Write the listing out again exactly as it stands, with no images.
━━ Raw data
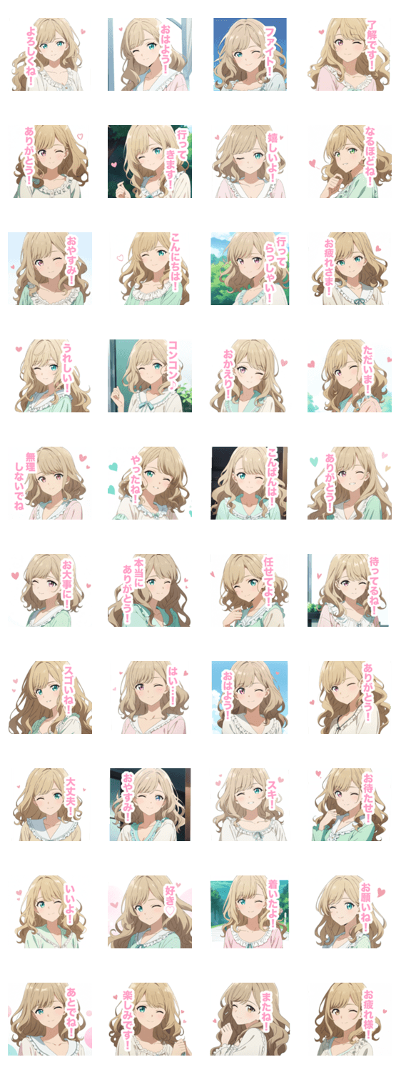 | スタンプ説明 | 日常的なセリフ付きです。アニメ/大人可愛い/ベージュ/女の子/女子/美少女/かわいい/可愛い/毎日使える/挨拶/会話/ふんわり/甘い/彼女/恋人/気遣い/癒し/お姉さん/笑顔 |
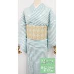 夏 着物 麻 近江ちぢみ プレタ 洗える 仕立て上がり Mサイズ ボーダー チェック ブルー
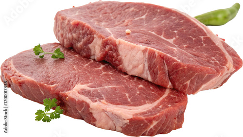 sliced raw pork meat with rosemary and peppercorn isolated on white background
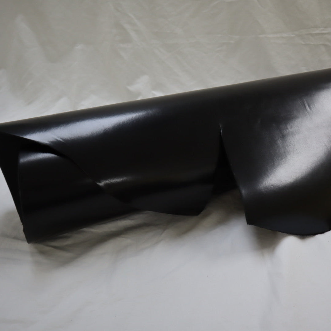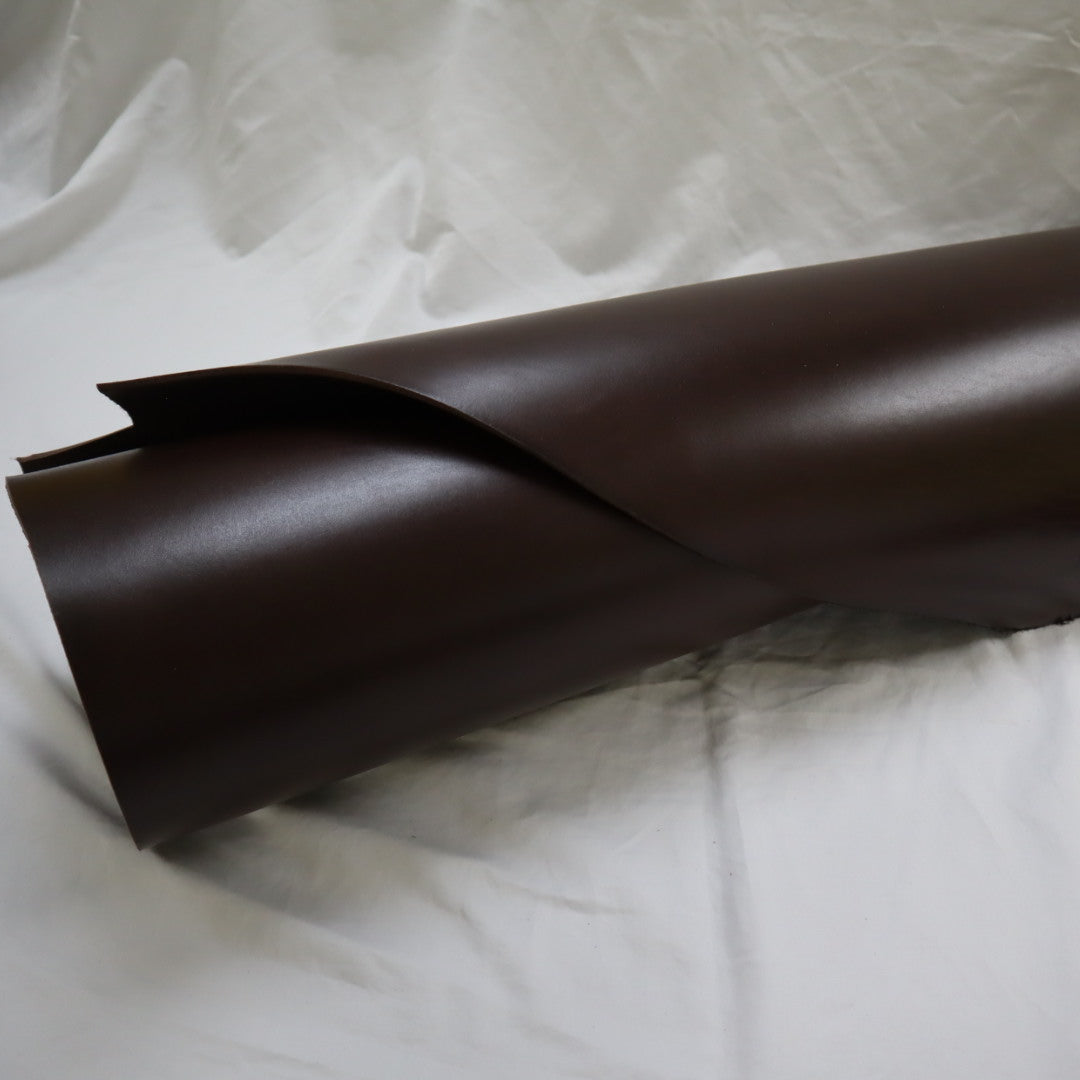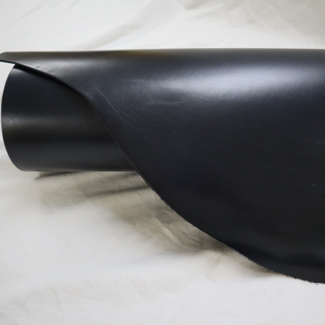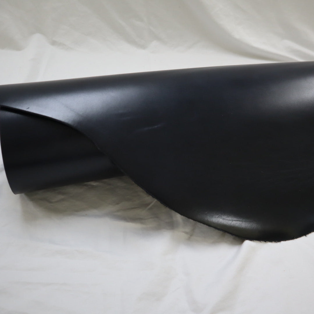 Venice produced on top selection raw material, top grain smooth cowhide, produced with aniline drum dyed through crust, top finished with aniline, and hand glazed at final, resin flesh (back side) for unlined single ply) belt or strap application. Plated flat at final to give very smooth surface. Colors will vary skin to skin due to aniline dyed process. Skin shape is unique, half hides with belly trimmed off
━━━━
#### Exercise solution:
 | スタンプ説明 | 日常的なセリフ付きです。アニメ/大人可愛い/ベージュ/女の子/女子/美少女/かわいい/可愛い/毎日使える/挨拶/会話/ふんわり/甘い/彼女/恋人/気遣い/癒し/お姉さん/笑顔 |
 夏 着物 麻 近江ちぢみ プレタ 洗える 仕立て上がり Mサイズ ボーダー チェック ブルー
 sliced raw pork meat with rosemary and peppercorn isolated on white background
 Venice produced on top selection raw material, top grain smooth cowhide, produced with aniline drum dyed through crust, top finished with aniline, and hand glazed at final, resin flesh (back side) for unlined single ply) belt or strap application. Plated flat at final to give very smooth surface. Colors will vary skin to skin due to aniline dyed process. Skin shape is unique, half hides with belly trimmed off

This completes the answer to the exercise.